Ma-Makan founder Kaylin Eu created Berlin's first Southeast Asian hawker center concept, opening on Lausitzer Platz in Kreuzberg in 2022. The space is designed after the semi-open fast-food restaurants (kopitiam) found in Singapore, Malaysia, and Hong Kong. Everything is made in-house — sambal, curry pastes, and every component from scratch. The kaya toast (soft boiled eggs with kaya jam spread on toast) and the laksa are the signature dishes, but reviewers note that the consistency of execution across the entire menu is what sets Ma-Makan apart from casual Asian spots. Lausitzer Platz is a pedestrianized neighborhood square that hosts markets and festivals, making the location both practical and atmospheric.

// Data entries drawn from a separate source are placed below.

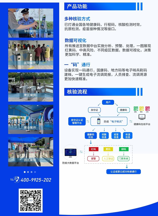 尽管,出入口通行处可以增加安保人力严控出行关,但对于人流量较大的入口来说,短时间内逐一检测体温,查验健康码、核酸检测情况以及疫苗接种情况等个人健康信息,不仅费时费力,效率也低,而且数据无法追溯、人员流调难。每当遇上人流量高峰时段往往容易造成人员拥堵,进而造成二次聚集,降低防控质量。此外,如果遇到没有智能手机或者不熟悉使用智能手机的老人、儿童,又或者网络信号差的时候,耗费的时间更久,入口拥堵程度可想而知。疫情防控常态化,这么下去不是长久之计,还是得技防。此情此景下,作为健康码精准防疫的技术保障方——深圳市远景达物联网技术有限公司积极响应政府号召,创新研发“电子哨兵”及测温核验健康码一体化防疫解决方案,以满足全国多地疫情防控工作的智能化、信息化服务需求,并在深圳、广州、上海、北京、江苏、福建等全国多个城市实现了规模化落地。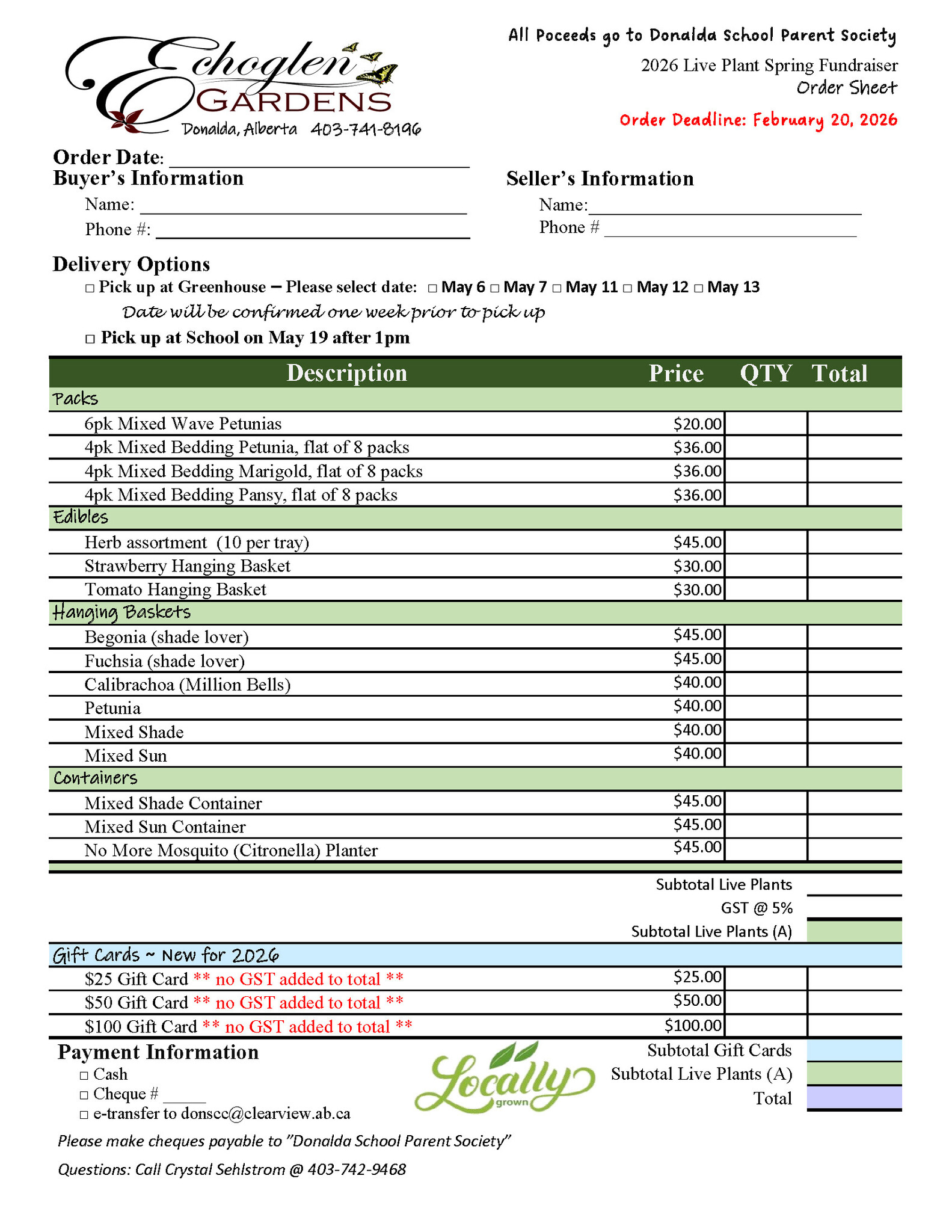 Deadline for orders is February 20, 2026
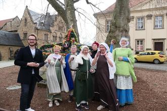 … oder wir sehen uns auch hier am Dombrunnen, der wie in jedem Jahr österlich geschmückt wurde. Herzlichen Dank den Frauen und Männern der Interessengemeinschaft Historische Kostüme Braunsbedra und der Volleyballgruppe WSG Rotthügel Merseburg.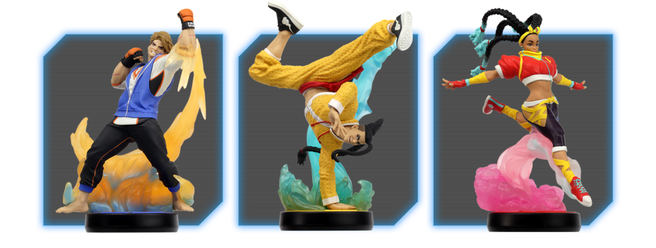 You can tap the Luke, Jamie or Kimberly amiibo figurines (sold separately) to earn various rewards and save settings such as your button layout and character’s outfit. A set of 22 amiibo cards featuring many fighters from the game is also available!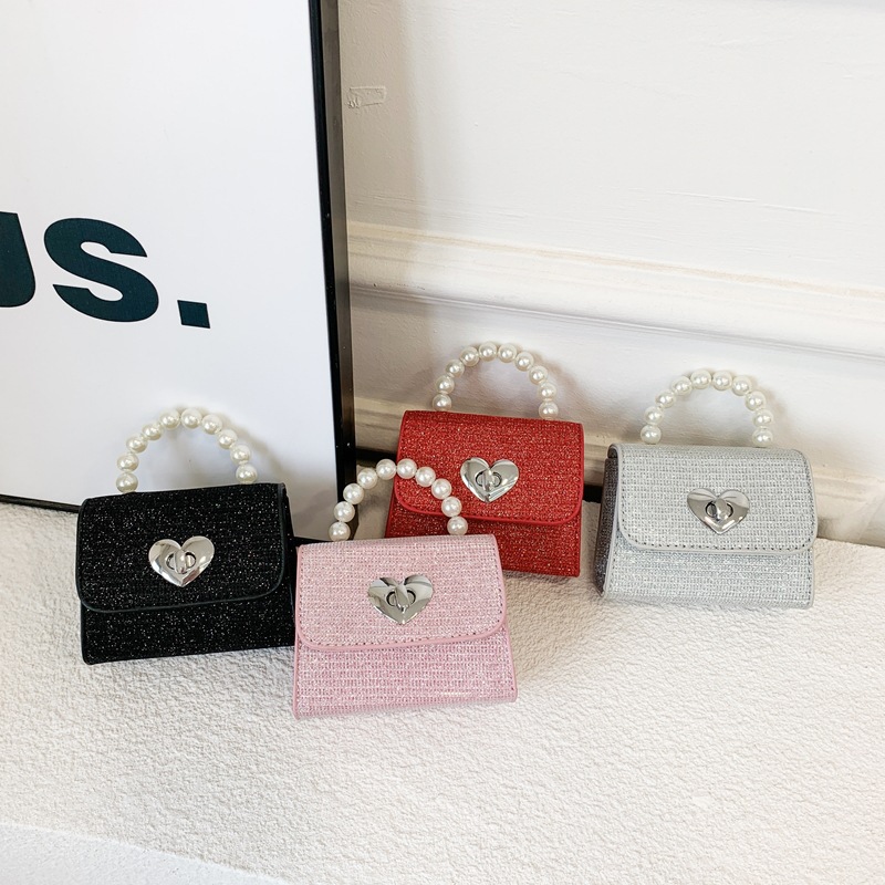 2024新型チェーンの子供の斜めのショルダーバッグの愛のロックの子供の包みの洋気の真珠の手提げの男女の子供の小さい方の包み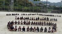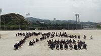 1学年レクレーション 投稿日時 : 2017/05/02 学校管理者 カテゴリ:学校行事 歓迎遠足の日の午前中にそれぞれ学年ごとにレクレーションが行われ、1学年では、長縄と40人41脚、または41人42脚をしました。長縄は、最初、呼吸が合わず、1回飛ぶのがやっとという感じ。2列になってみたり、3列になってみたり、大声でかけ声をかけてみたり。さぁ、スタート。みんな本番に強いのか、10回以上飛ぶクラスが多く見られました。中には20回以上のクラスも。声を掛け合い、クラスメイトを気にかけながら、その後のレクレーションでも盛り上がりました。1年生も少しは学校生活に慣れてきたのか、友達と仲良く話す様子や笑顔がたくさん見られ、安心しました。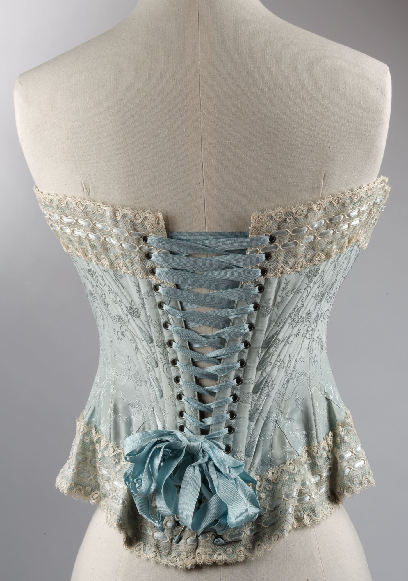 Au Louvre, retailer. Corset, c. 1895. Silk damask and lace. The Frick Pittsburgh.
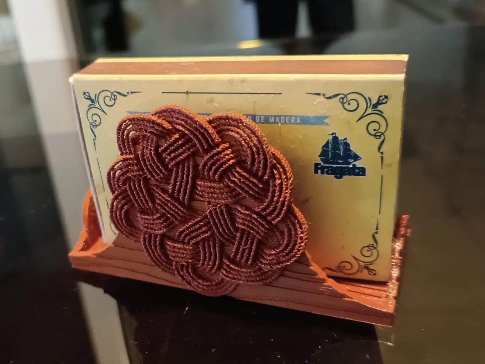 Giá đỡ hộp diêm với trang trí nút thắt đẹp mắt
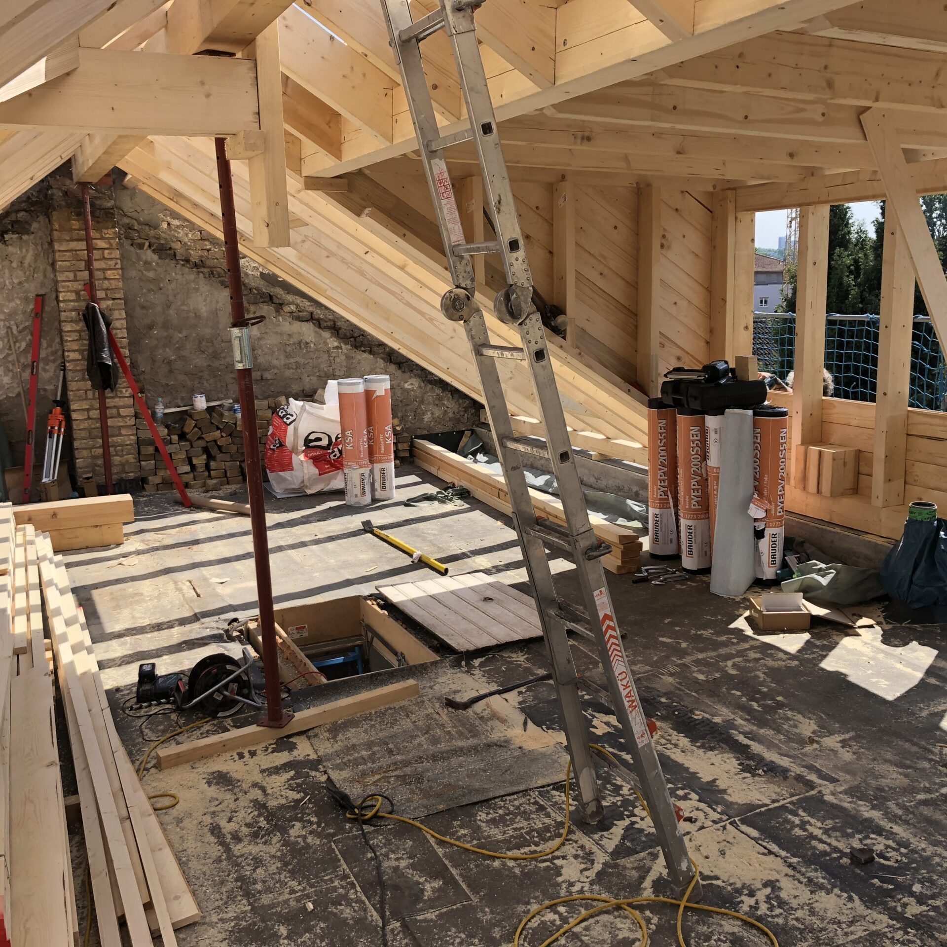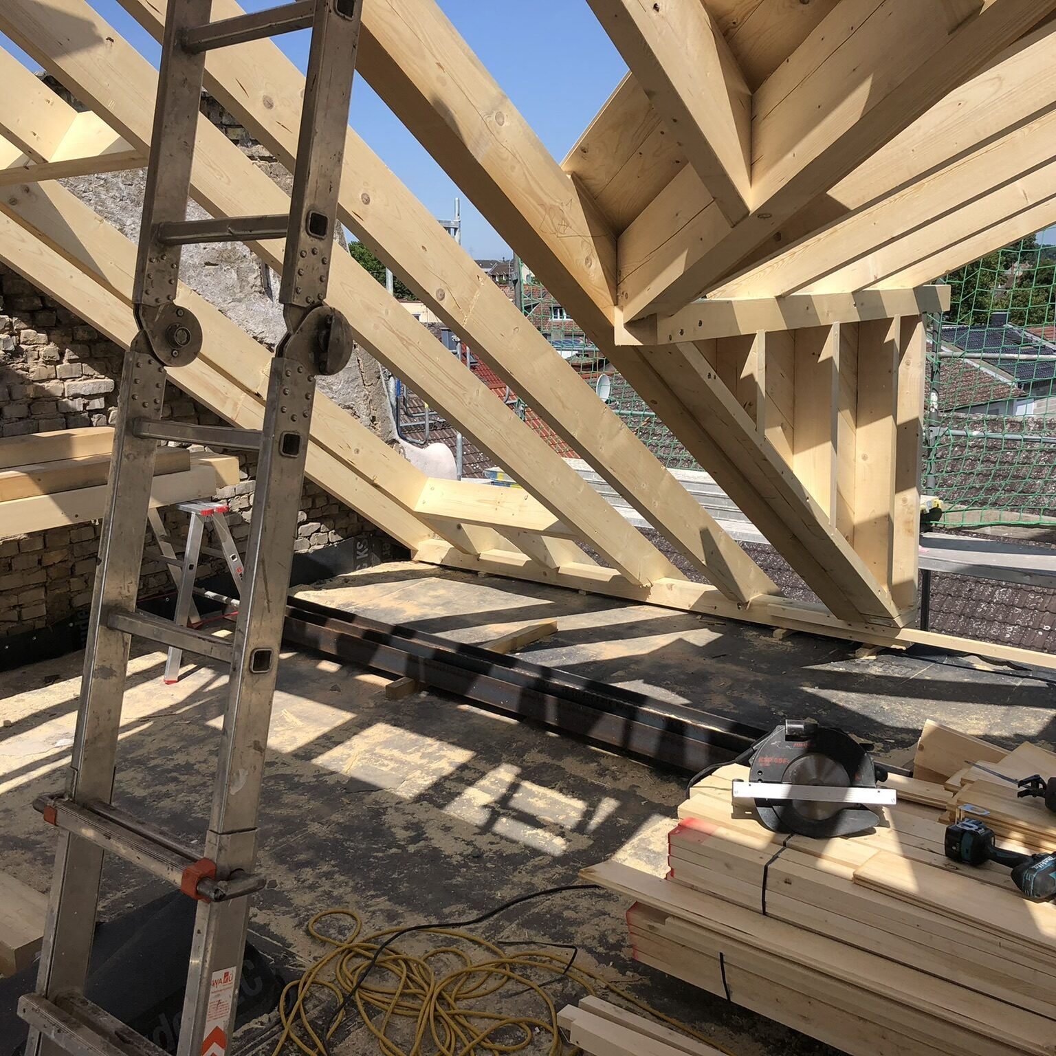 Für Bauherren, die selbst aktiv werden möchten, bieten wir eine besondere Möglichkeit: Wir übernehmen das Aufmaß und die passgenaue Anfertigung der Bauteile, während die Montage des Dachstuhls in Eigenleistung erfolgen kann. So profitieren Sie von unserer präzisen Vorfertigung und sparen gleichzeitig Kosten bei der Umsetzung. Selbstverständlich stehen wir Ihnen dabei beratend zur Seite und sorgen für eine maßgeschneiderte Lieferung, die einen einfachen und sicheren Aufbau ermöglicht.

Ma-Makan is designed after the hawker centers in Singapore and Malaysia — semi-open kitchen, communal seating, fast service. It's meant to be casual and efficient, not formal.
Everything is made in-house, including pastes, sauces, and stocks. This means the quality is consistent, but also the menu is limited to items the kitchen can execute well. No filler dishes.
Located on Lausitzer Platz, a pedestrianized square in Kreuzberg. The square hosts weekend markets and festivals. Great place to sit outside with food in warmer months.